Заодно прошлись по моим уцелевшим вещам. Пороги без зазрения совести содрали с меня не только «натурой». Очень жалко было обувь, хорошие экковские демисезонные ботинки: один утонул, а оставшийся теперь отчаянно просил каши. Одежда — к счастью, достаточно лёгкая, чтобы не утащить меня на дно — была сильно изорвана. Из многочисленного барахла, некогда наполнявшего карманы разгрузки (дань сисадминскому хомяку), остались сущие крохи: связка ключей, совершенно теперь бесполезных, дешёвый китайский мультитул да обломки телефона. Смарт и планшет, похоже, утонули вместе с карманами, как и документы, и набор отвёрток, и карандаши с блокнотом.
Новую одежду Вильгельмина сшила мне за день: пару рубашек из довольно плотной мягкой ткани и штаны из ткани покрепче, а с обувью пообещала разобраться потом, когда я буду уверенно ходить — до тех пор босиком ходить полезнее (а я и спорить не стал, вспомнив, как рассекал на даче босиком почти всё лето — и по гравию, и по стерне, обуваясь только перед сном, помыв ноги, чтобы в дом грязь не нести).
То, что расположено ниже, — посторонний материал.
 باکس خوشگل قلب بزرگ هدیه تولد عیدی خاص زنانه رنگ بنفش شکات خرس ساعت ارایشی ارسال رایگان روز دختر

Сама она ходила в довольно высоких шнурованных ботинках без каблука из материала, похожего по фактуре на ткань.
Отбросив мои воспоминания, как малоактуальные, я стал расспрашивать Вильгельмину про местные реалии, пользуясь её неожиданной разговорчивостью. Для начала выяснил причину её столь недолгого присутствия в доме. Как оказалось, за двенадцать лет изгнания из «родных пещер» она в одиночку построила невысокую, но просторную крытую тёсом избу-пятистенок на опушке леса, сама обустроила хозяйство (исключительно огородное, никакой животины), и именно им и занималась большую часть дня.
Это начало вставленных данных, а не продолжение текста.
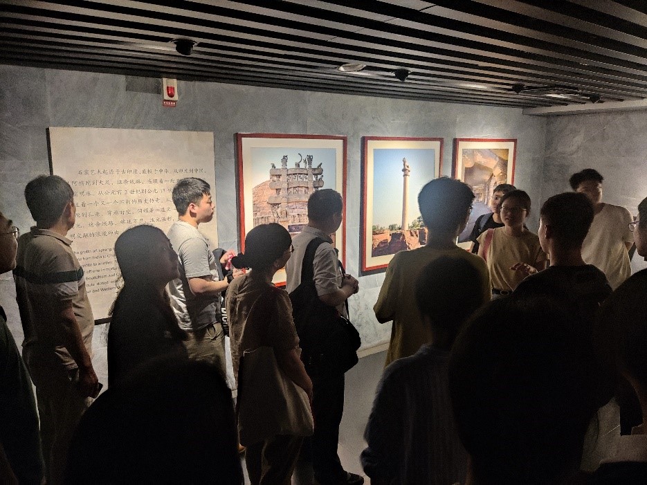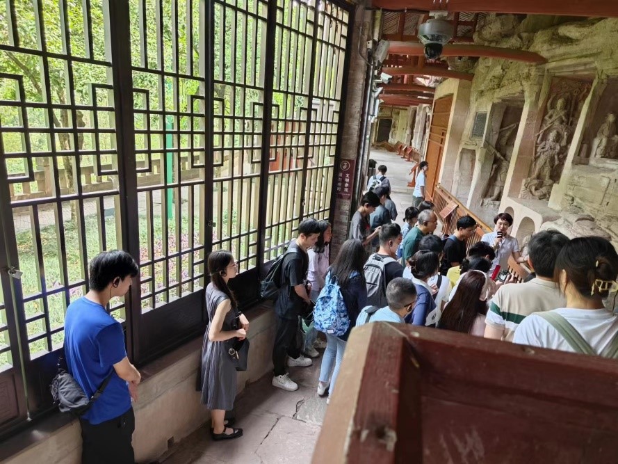 午餐后,师生们来到大足石刻博物馆。在讲解员的带领下,师生深入了解了全球主要石窟石刻的历史背景和文化内涵,同时加深了对大足石刻的了解。接着,师生们深入宝顶山石刻群。石刻的内容包括佛教的故事、神话传说、文化历史等各个方面,形象生动、构图精美,不仅独具艺术价值,也有很高的历史和文化价值。师生们通过亲身体验、观察和解读,学习了石刻中深刻的意义和历史背景。在北山石刻、宝顶山石刻群和南山石刻的游览中,师生们不仅欣赏到了石刻鬼斧神工的艺术之美,还深刻体悟到了中华文明的博大精深,感受到了人文与自然的和谐共存。

Вообще, её народ как нельзя больше соответствовал земным сказкам про гномов… Точнее, про буржуйских дварфов — невысокие и широченные (по их меркам Вильгельмина была неприлично высокой, заметно выше почти всех мужчин, не говоря уже о женщинах, и непривлекательной: дварфийским канонам красоты больше соответствовала фигура скорее широкая, нежели выпуклая), они жили в пещерах и цивилизация у них была весьма технологическая. Впрочем, сельское хозяйство тоже присутствовало — открытые поля на скрытых от посторонних глаз террасах в закрытых горных долинах дополнялись подземными грибными фермами и освещёнными рунной магией гидропонными плантациями.